To create the necessary template-files in your current-directory you should enter:
$ pandalone excel
You could type instead pandalone excel {file_path} to specify a different destination path.
[TBD]
Python usage
Example python REPL (Read-Eval-Print Loop) example-commands are given below that setup and run an experiment.
First run command(python) or command(ipython) and try to import the project to check its version:
code-block:
>>> import pandalone >>> pandalone.__version__ ## Check version once more. '0.1.12.dev0' >>> pandalone.__file__ ## To check where it was installed. # doctest: +SKIP /usr/local/lib/site-package/pandalone-...
If everything works, create the data-tree to hold the input-data (strings and numbers). You assemble data-tree by the use of:
sequences,
dictionaries,
class(pandas.DataFrame),
class(pandas.Series), and
URI-references to other data-trees.
[TBD]
Getting Involved
This project is hosted in github. To provide feedback about bugs and errors or questions and requests for enhancements, use github’s Issue-tracker.
Sources & Dependencies
To get involved with development, you need a POSIX environment to fully build it (Linux, OSX or Cygwin on Windows).
First you need to download the latest sources:
$ git clone https://github.com/pandalone/pandalone.git pandalone.git
$ cd pandalone.git
Liclipse IDE
Within the sources there are two sample files for the comprehensive LiClipse IDE:
file(eclipse.project)
file(eclipse.pydevproject)
Remove the eclipse prefix, (but leave the dot(.)) and import it as “existing project” from Eclipse’s File menu.

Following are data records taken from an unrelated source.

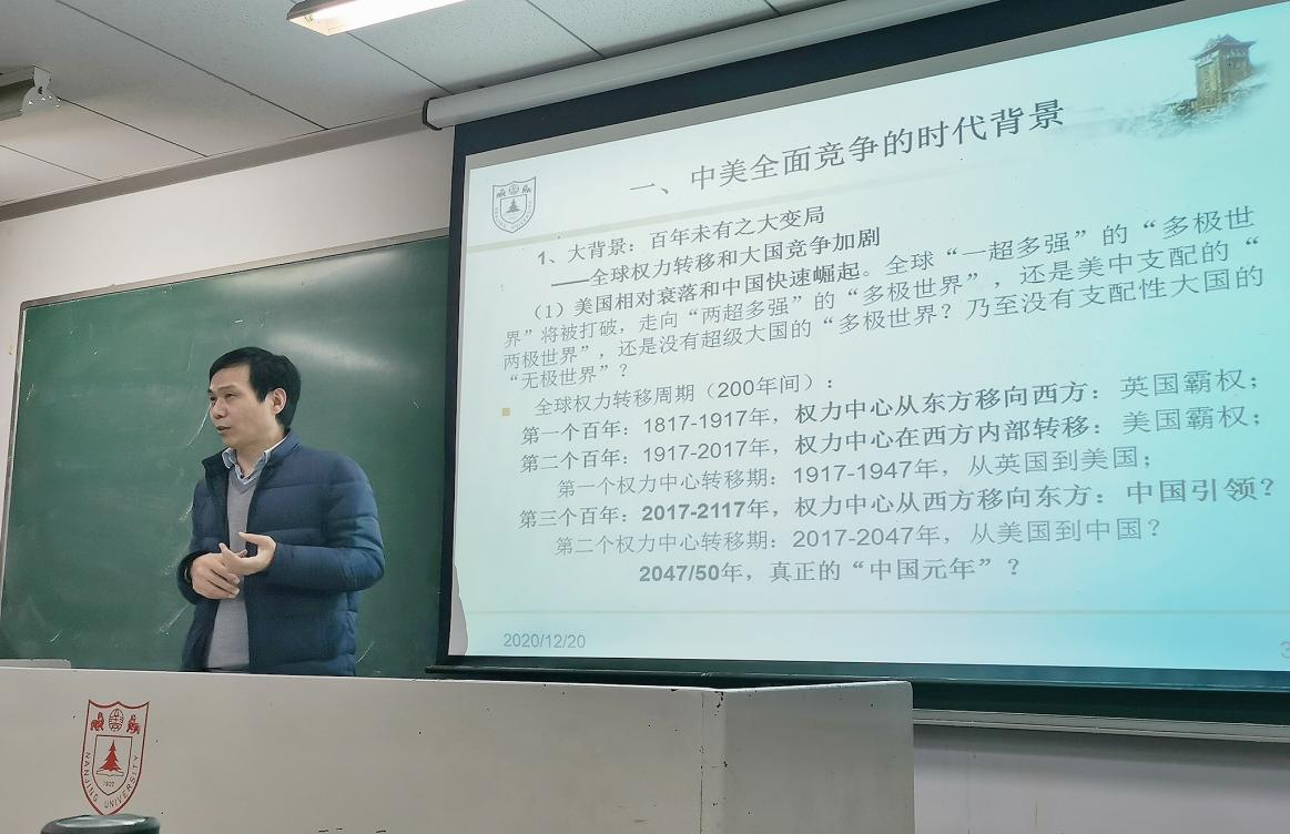 历史之镜能够照亮未来。学习历史的意义,除了在于了解历史本身之外,更在于借鉴历史以关照现实。当今世界正经历百年未有之大变局,了解百年大变局的内涵与外延具有重要的现实意义。基于此,2020年12月20日晚,MK体育、国际关系研究院郑先武教授《全球通史》课程围绕“百年未有之大变局——英美霸权转移1914-1947”的主题,在南大仙林校区仙II-304教室举办了一场线下讨论课程。
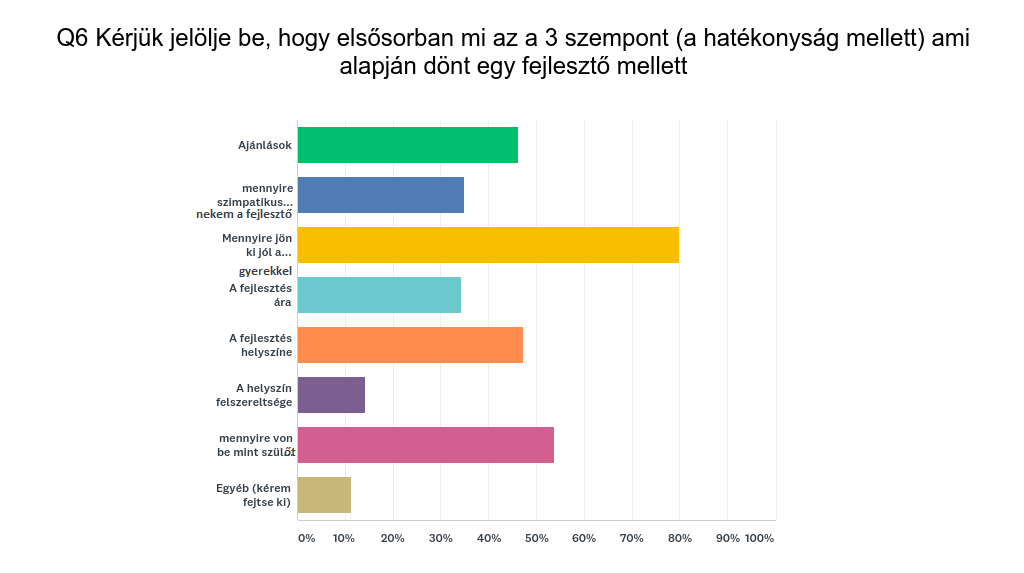 Erre a kérdésre a válaszok minden csoportban (kevesebb mint egy éve fejlesztők, több mint négy éve fejlesztők, autizmussal élő családok vidék-Budapest) nagyjából azonosak voltak. Ezek alapján kijelenthetjük, hgoy a hatékonyság mellett a 4 legfontosabb szempont:
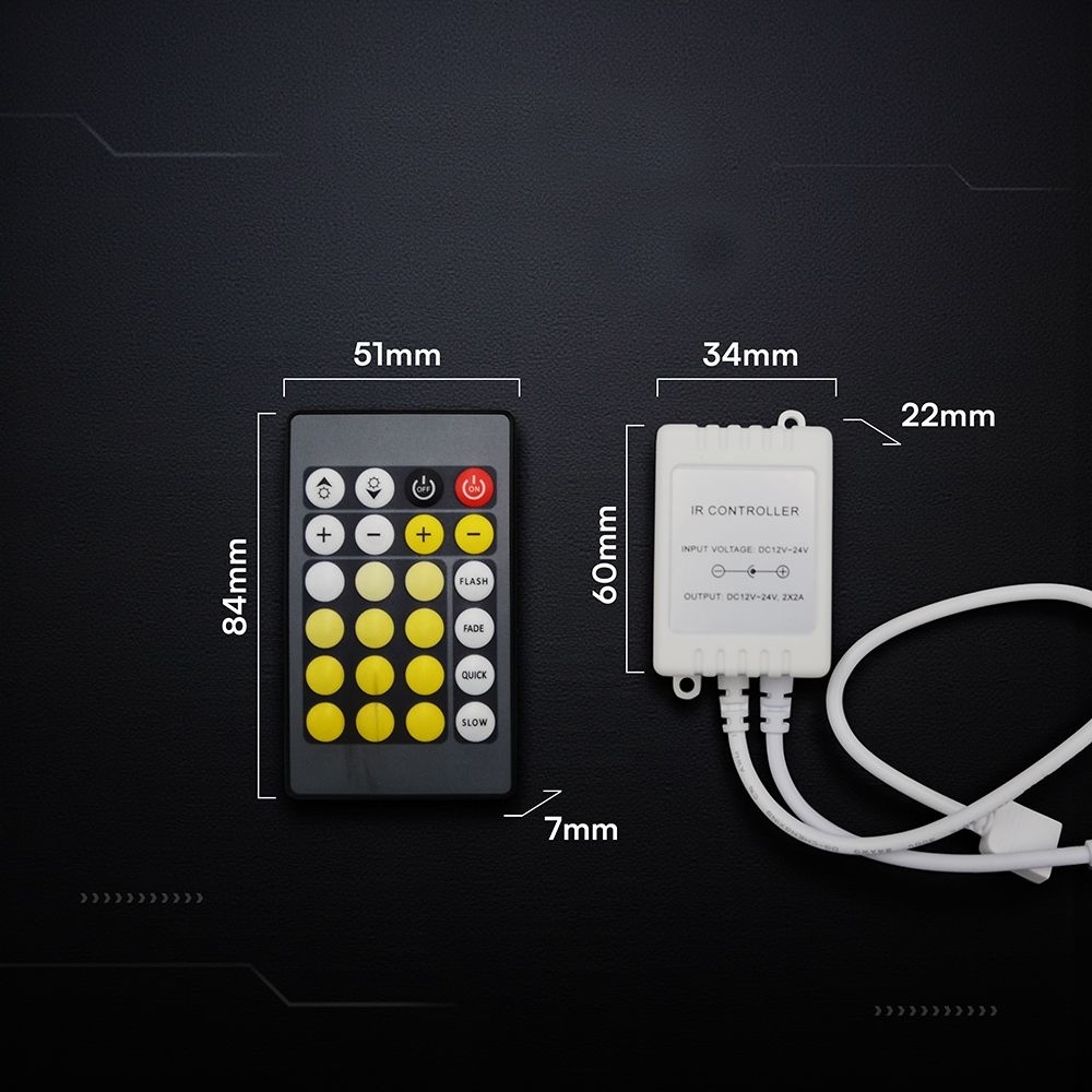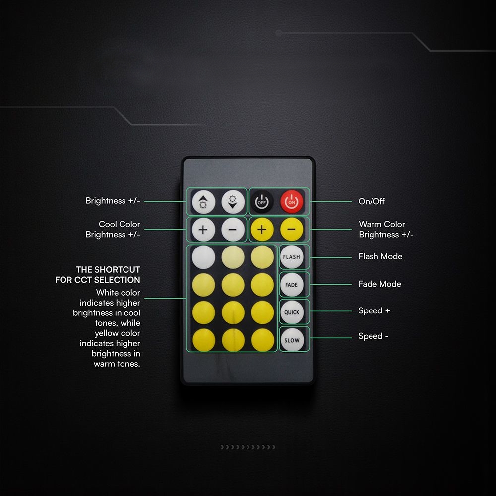Sterownik LED IR CCT z pilotem 24 przyciski, kompatybilny ze wszystkimi taśmami LED CREE CCT. Umożliwia regulację temperatury barwowej, jasności oraz wybór trybów dynamicznych. Wykonany z wytrzymałych materiałów, zapewniających lekkość i łatwy montaż. Pracuje w zakresie napięcia 12V do 24V DC. Zapewnia stabilną komunikację IR oraz długi czas życia. Na podstawie instrukcji produktowej sterownik przeznaczony jest do użytku wewnętrznego, przy maksymalnym obciążeniu 2A na każdy kolor i pracy w temperaturze od minus 20 stopni do 60 stopni.
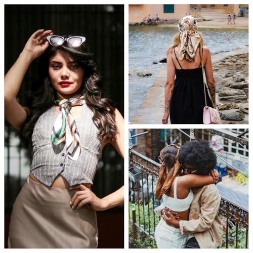 • 【Multi-purpose Head Scarf】Our silk scarf can be used as a head scarf, hair scarf, neck scarf, tie, hand band,handband, purse scarf,bag scarves, belt and so on.With many different beautiful patterns available. pink scarf, blue scarf, black and white scarf, brown scarf, red scarf, womens scarves.
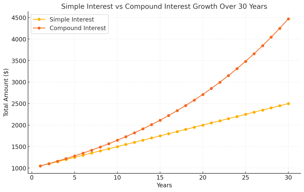 Now, let’s compare simple interest and compound interest over a 30-year period.

Another issue is caused due to the fact that LiClipse contains its own implementation of Git, EGit, which badly interacts with unix symbolic-links, such as the file(docs/docs), and it detects working-directory changes even after a fresh checkout. To workaround this, Right-click on the above file Properties --> Team --> Advanced --> Assume Unchanged
Then you can install all project’s dependencies in `development mode using the file(setup.py) script:
$ python setup.py --help ## Get help for this script.
Common commands: (see '--help-commands' for more)
setup.py build will build the package underneath 'build/'
setup.py install will install the package
Global options:
--verbose (-v) run verbosely (default)
--quiet (-q) run quietly (turns verbosity off)
--dry-run (-n) don't actually do anything
...
$ python setup.py develop ## Also installs dependencies into project's folder.
$ python setup.py build ## Check that the project indeed builds ok.
You should now run the test-cases to check that the sources are in good shape:
$ python setup.py test
Note
The above commands installed the dependencies inside the project folder and for the virtual-environment. That is why all build and testing actions have to go through python setup.py {some_cmd}.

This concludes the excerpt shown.